First is developing prototype policy interfaces. The non-linear modeling that I proposed in this work can be operationalized and estimated using a variety of software packages. More important, however, is the integration of the proposed non-linear model into the corresponding policy interface. More work needs to be done in this area using different methodologies, as well as developing more complex algorithms to understand more of the complexities in energy use in the residential sector—and perhaps, in other sectors.

Without integrated data it will be impossible to understand the complexities of energy use patterns—or any other urban phenomenon. Therefore, it is important to invest on city- and/or region-wide initiatives to securely collect and integrate data from different organizations. As the second area of future work, although establishing such initiatives and preparing the required socio-technical data infrastructure may not be a direct task for planners (for the time being), it certainly will be within the scope of work for local governments and planning / urban studies scholars.
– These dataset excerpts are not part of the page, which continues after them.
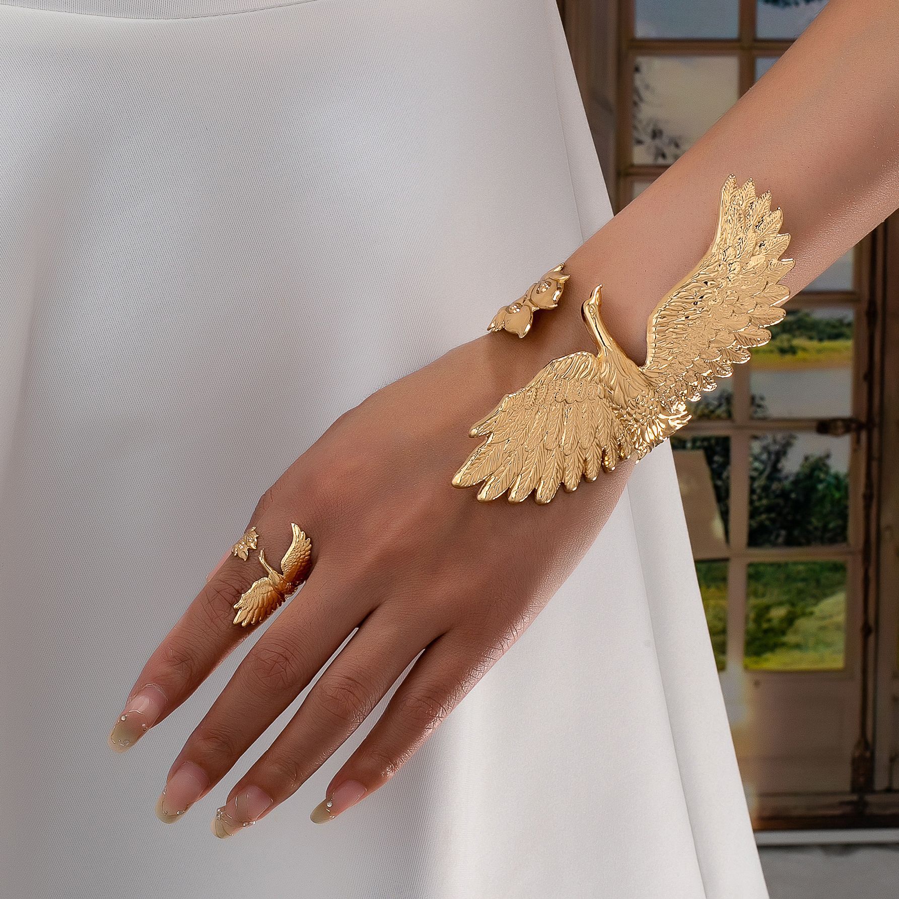 跨境热卖个性夸张创意凤凰手镯戒指套装适合女士街头派对佩戴
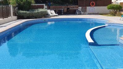 The complex includes a well-maintained communal swimming pool and a shared garden.
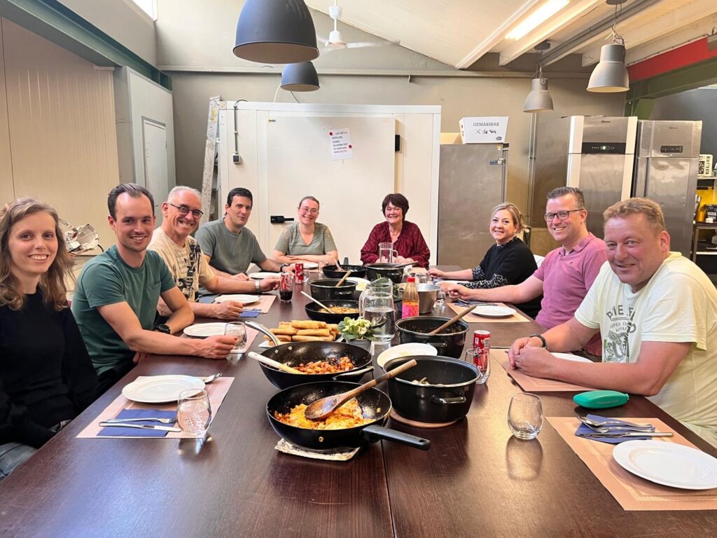 Na het koken gingen we aan tafel. Iedereen schepte op en was benieuwd of de gerechten die dubbel zijn gemaakt ook hetzelfde zouden smaken. Wat bleek? De ene curry is donkerder dan de andere en er was ook een heel klein verschil qua smaak. Hetzelfde gold voor de mihoen. Het ene groepje heeft iets meer ketjap manis in de mihoen gedaan waardoor het gerecht iets donkerder van kleur was. Maar iedereen was het ermee eens, het eten was lekker en ze hebben een hoop geleerd over de Indonesische keuken. De workshop was geslaagd en iedereen ging tevreden naar huis.
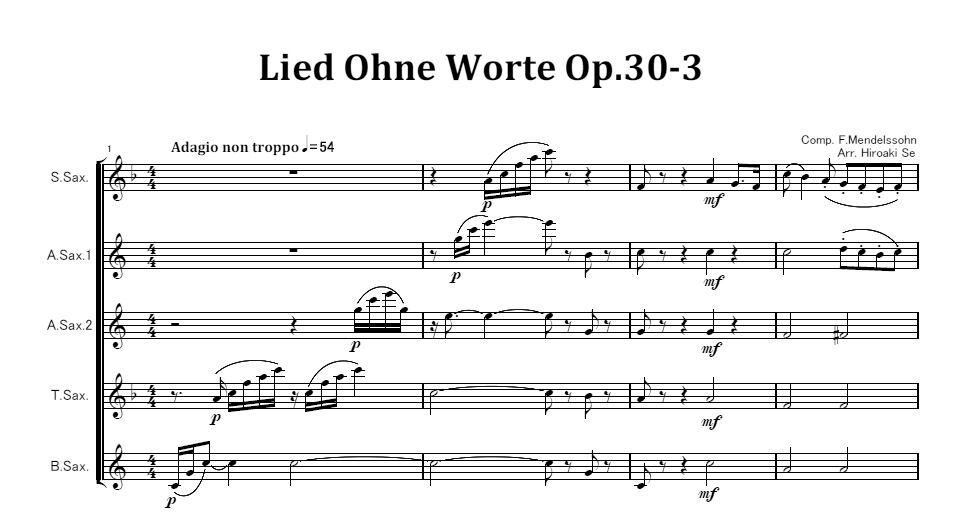 サックス五重奏 メンデルスゾーン 無言歌集 第2巻 作品30-3「慰め」
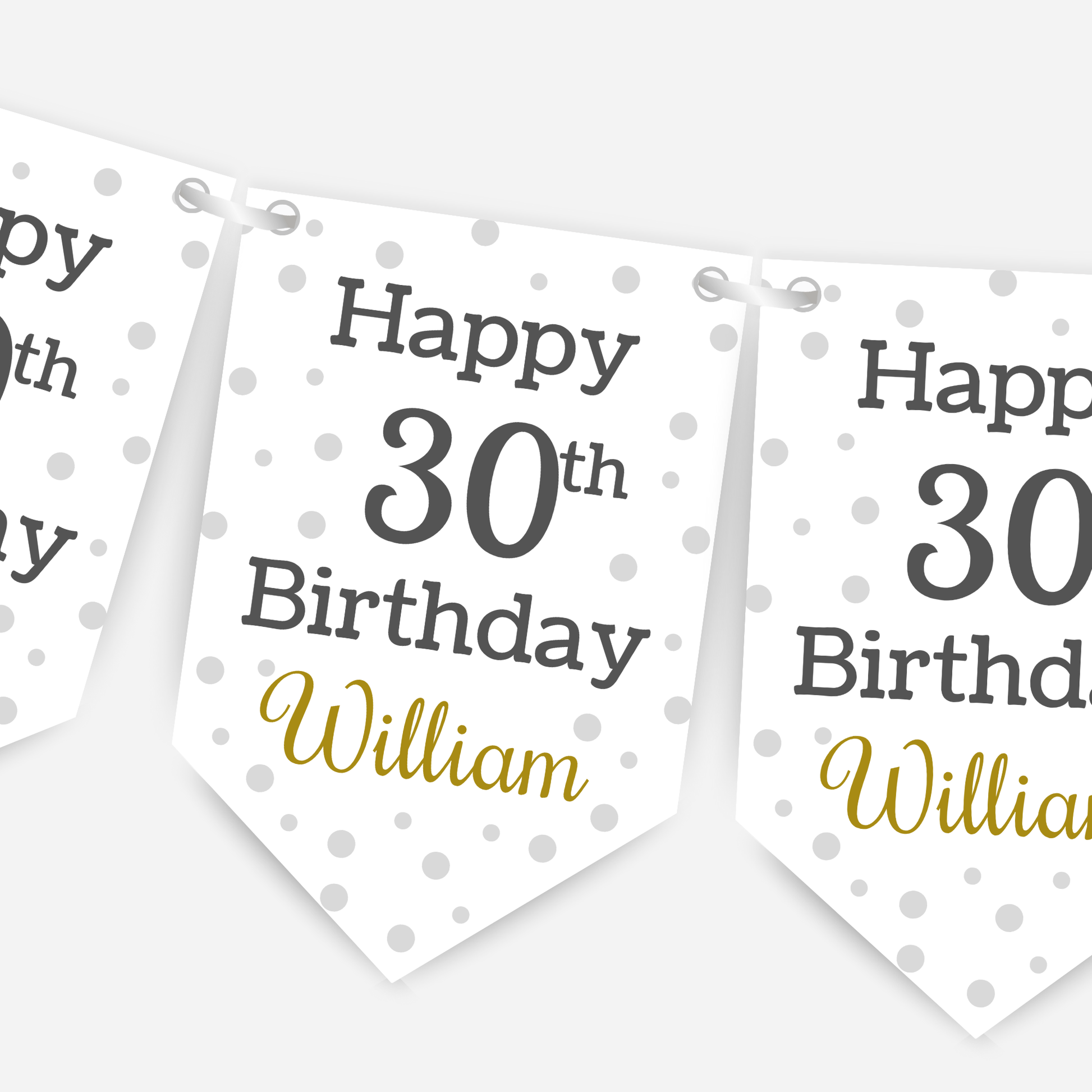 Add a fun touch to your celebration with this printed and personalised bunting, designed in a modern, clean style to suit any age.

Finally, the proposed modifications to the planning process have important implications for planning education. It will be crucial for planning practitioners or scholars in the big data era to be able to effectively play a role across one or more steps of the proposed planning process. When there is an abundance of data, planning education needs to incorporate more hands-on methodological training for planners in order to familiarize them with [at least] basic concepts of using data and data interfaces smartly. There also needs to be training around developing data architectures and infrastructures, especially for planning scholars to integrate urban data. Training options will also be helpful for planners to understand the required governance and negotiations related to obtaining and maintenance of data.